We’re going to start with the assumption that the content you have created is amazing because you’re amazing. So starting there, next you will need:
1. A Great Cover Design
We all judge books by their covers. Let’s just get that out in the open. We’re not bad people, it’s just a fact of life. This is especially true when it comes to self-published books. Nothing hurts my soul more than seeing a wonderfully written book wrapped up in a Microsoft Paint file. Don’t do that to yourself. Or your readers.
Make sure that you have the budget for a cover designer or a favor to call in with a graphic designer friend. When you look at the most successful self-published authors on Lulu, you will notice they all have fabulous covers. This is not a coincidence. We eat with our eyes first, and if the cover isn’t appetizing, no one will stick around for the main course.
A good cover is also a tremendous marketing tool for your book and can help to drive audience engagement. As you’re working with your cover designer, share your progress with your audience and let them weigh in on what they like and what they don’t. It’s like offering a tasting menu and letting them choose their favorite. Doing this helps to get your readers involved in the early stages of development and helps gauge likely book sales once you do publish.
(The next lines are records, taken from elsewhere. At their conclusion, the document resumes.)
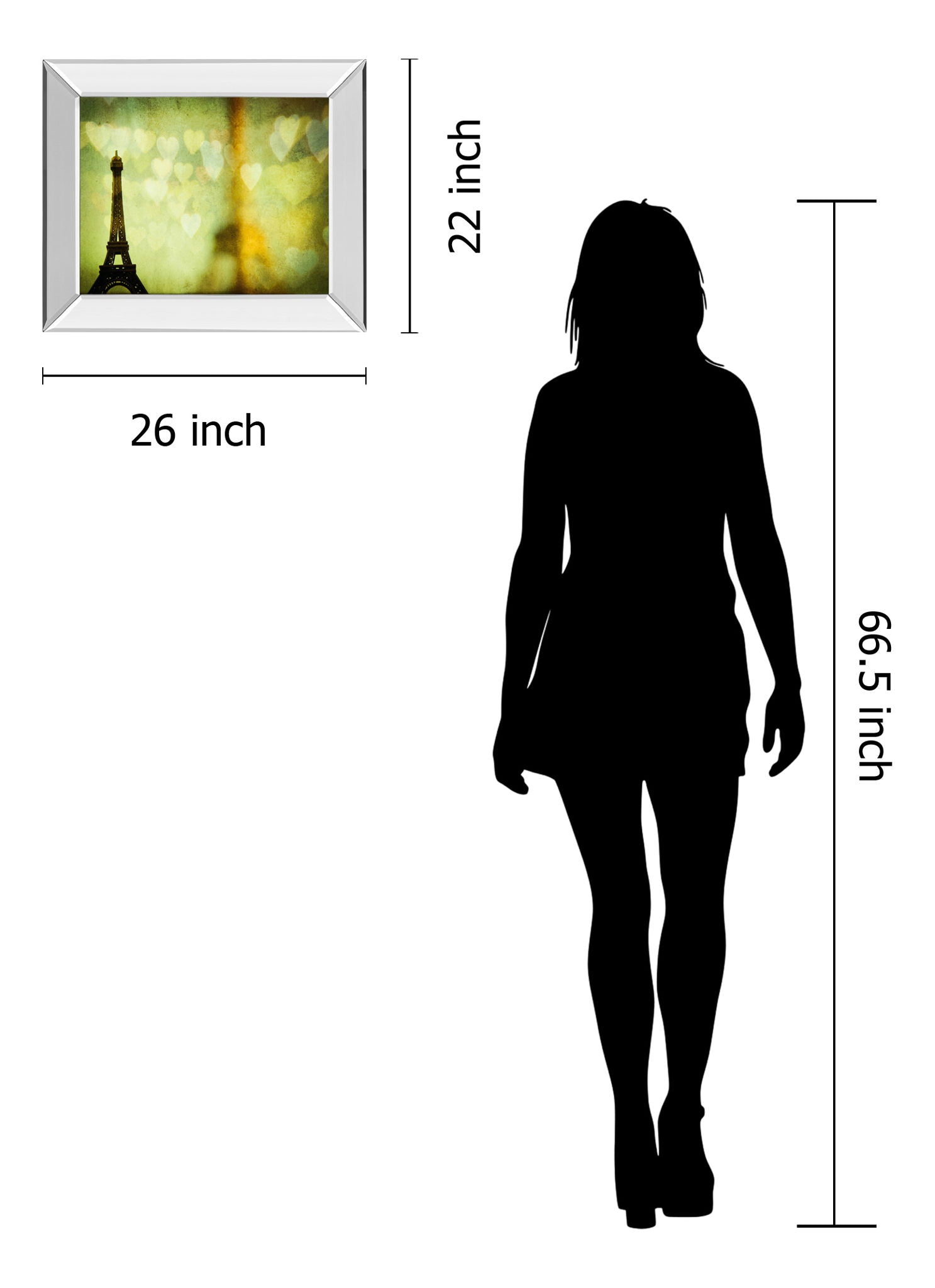 Step into a world of romance with this captivating piece that features the iconic silhouette of the Eiffel Tower set against a dreamy backdrop of softly glowing heart shapes. The mirrored frame enhances the light and depth, creating a sophisticated ambiance that complements any living room, bedroom, or office. Crafted with premium real glass and ready to hang, this photographic print blends transitional style with modern elegance, making it a perfect addition to your décor that evokes love and charm.
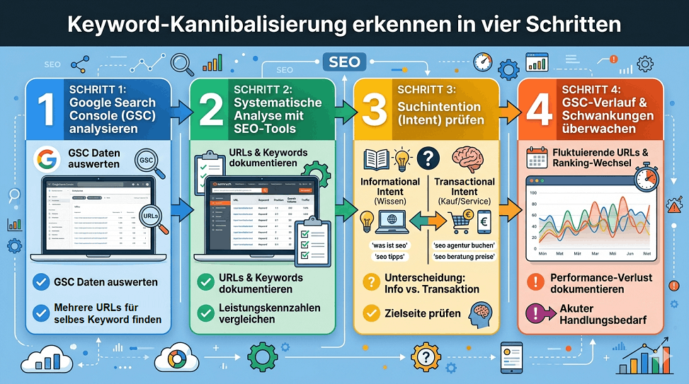 Bevor Sie eine Keyword-Kannibalisierung beheben können, müssen Sie sie zuverlässig identifizieren. Die Diagnose sollte immer vor der Therapie stehen – blinder Aktionismus führt oft zu neuen Problemen. Die folgenden vier Schritte bilden einen systematischen Prozess, den Sie mit frei verfügbaren und professionellen Tools umsetzen können.
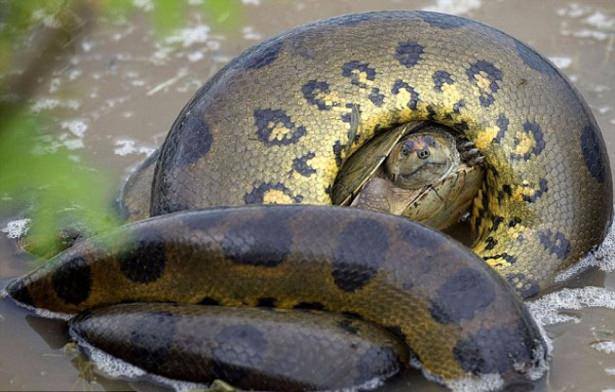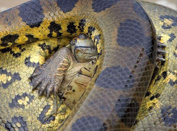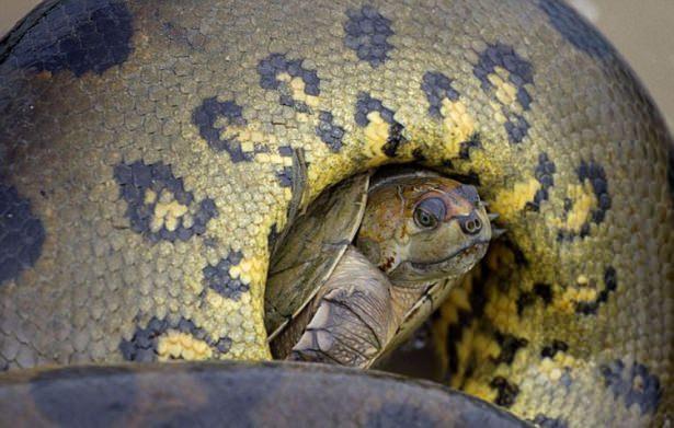 Minik kaplumbağa dev anakondaya sonuna direndi ve sert kabuğu sayesinde ölümden kurtuldu. Bir anda suyun içinde hamle yapan kaplumbağa yem olmaktan kıl payı kurtuldu.
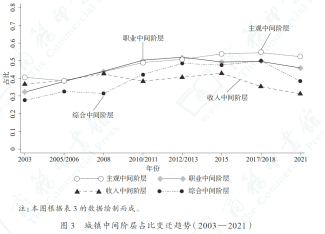 (一)中国城镇地区中间阶层的总体变迁趋势(2003-2021)
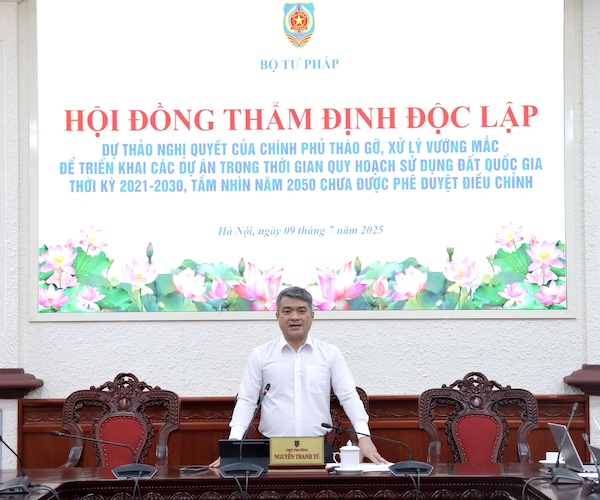 Chiều 9/7, Thứ trưởng Bộ Tư pháp Nguyễn Thanh Tú chủ trì Hội đồng thẩm định độc lập dự thảo Nghị quyết của Chính phủ tháo gỡ, xử lý vướng mắc để triển khai các dự án trong thời gian Quy hoạch sử dụng đất quốc gia thời kỳ 2021-2030, tầm nhìn đến năm 2050 chưa được phê duyệt điều chỉnh.
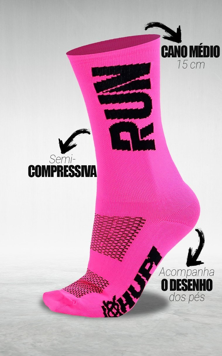 01 Par Meia Corrida HUPI Run Rosa Neon - LT para Pés 34-38
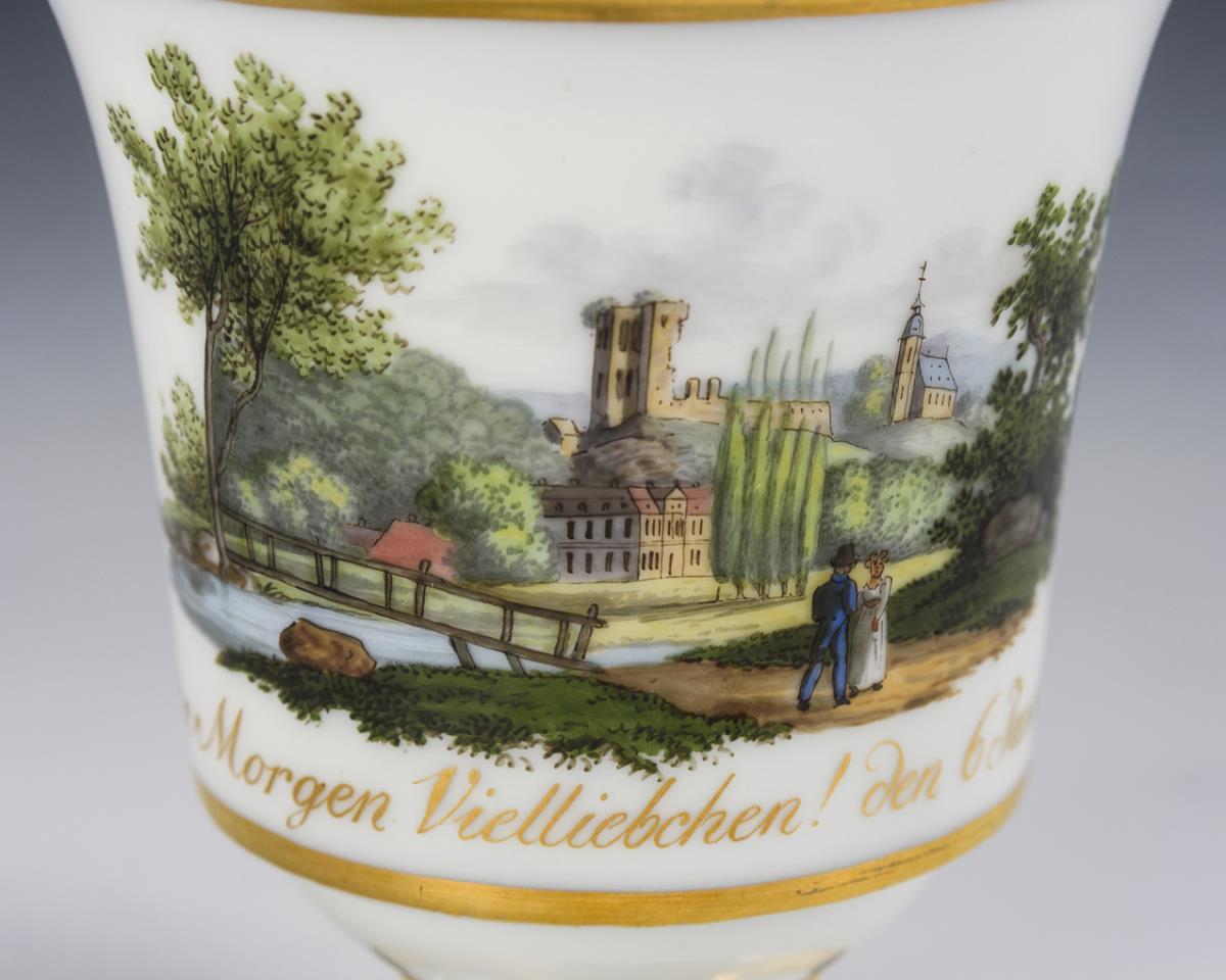 Gefußte Kratertasse mit Palmettenhenkel. Schauseitig die Darstellung einer Landschaft mit einem Paar, darunter die Bezeichnung "Guten Morgen Vielliebchen! den 6. Januar 1826.".
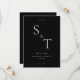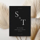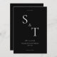Modern wedding save the date card featuring minimalist monogram typography and in black and white colour. Personalise text with all the details of your special day.
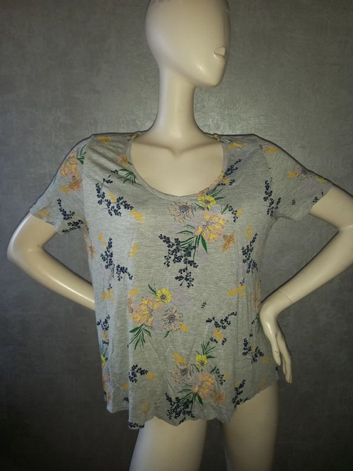 tee shirt gris à fleur taille 42 - photo numéro 1
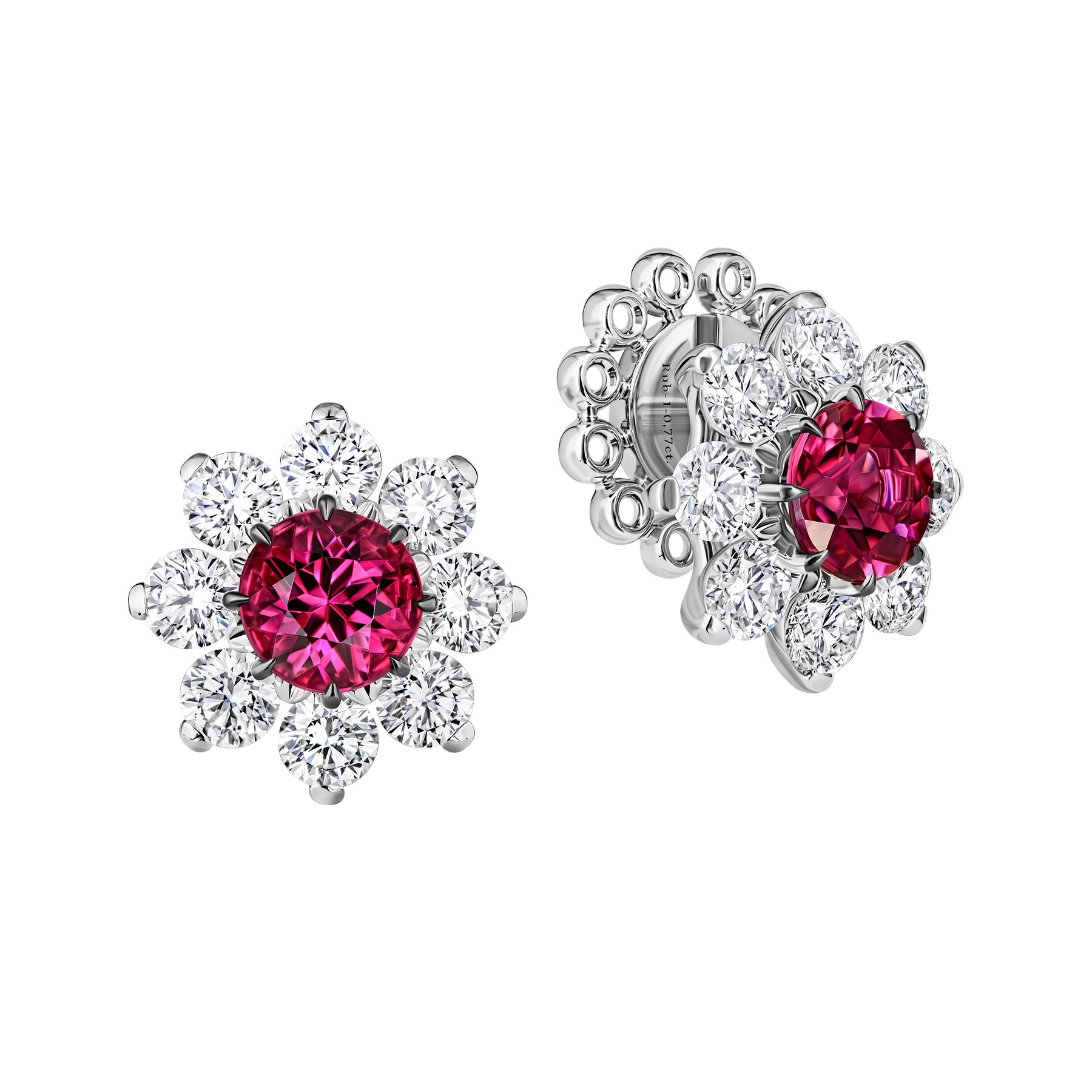 Пусеты с турмалинами рубеллитами и бриллиантами, белое золото
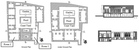 Plans of the underground floor and ground floor of the Manteghi-Nezhad house and the sections of the talar room and iwan.

Here are a few examples of some deliciously designed Lulu book covers:
Top of Mason
I like to think that this is the first novel set in the world of modern professional skateboarding. But it isn’t really about skateboarding. It’s an adventure story about a guy trying to get over a break-up—intersecting the worlds of skateboarding, contemporary celebrity, and homelessness—all the while dealing with a late-twenties identity crisis.
The Day it Rained Forever
Alia Cannes, a psychologist, and writer, who lives a normal, simple, working-class life, finds herself in a terrifying situation one evening when she agrees to accompany a man at a bar to his hotel room.
You Are Enough
Bestselling transformative author Rainie Howard is here to tell you that You Are Enough in this powerful book that examines the connection between inner emotional struggle and negative relationships.
2. Thorough Editing and Formatting
Alright so we’ve nailed the presentation, but what happens when you open the book? Each day the stigma associated with self-publishing lessens. Unfortunately, some readers will still expect amateur covers and poorly edited text from your self-published book.
In this case, you do not want to live up to their expectations. Let them down in the best way possible by working with editors and designers to ensure your book meets the publishing industry standards.
Every book, from the top of the New York Times Best Sellers list to the bottom of the bargain bin at your local thrift store, is going to have some sort of error. That’s just the way it goes. Sadly, too many independently published authors have forgone the appropriate editing and formatting procedures, leaving their books rife with misspellings, misplaced commas, and missed opportunities to grow their audience.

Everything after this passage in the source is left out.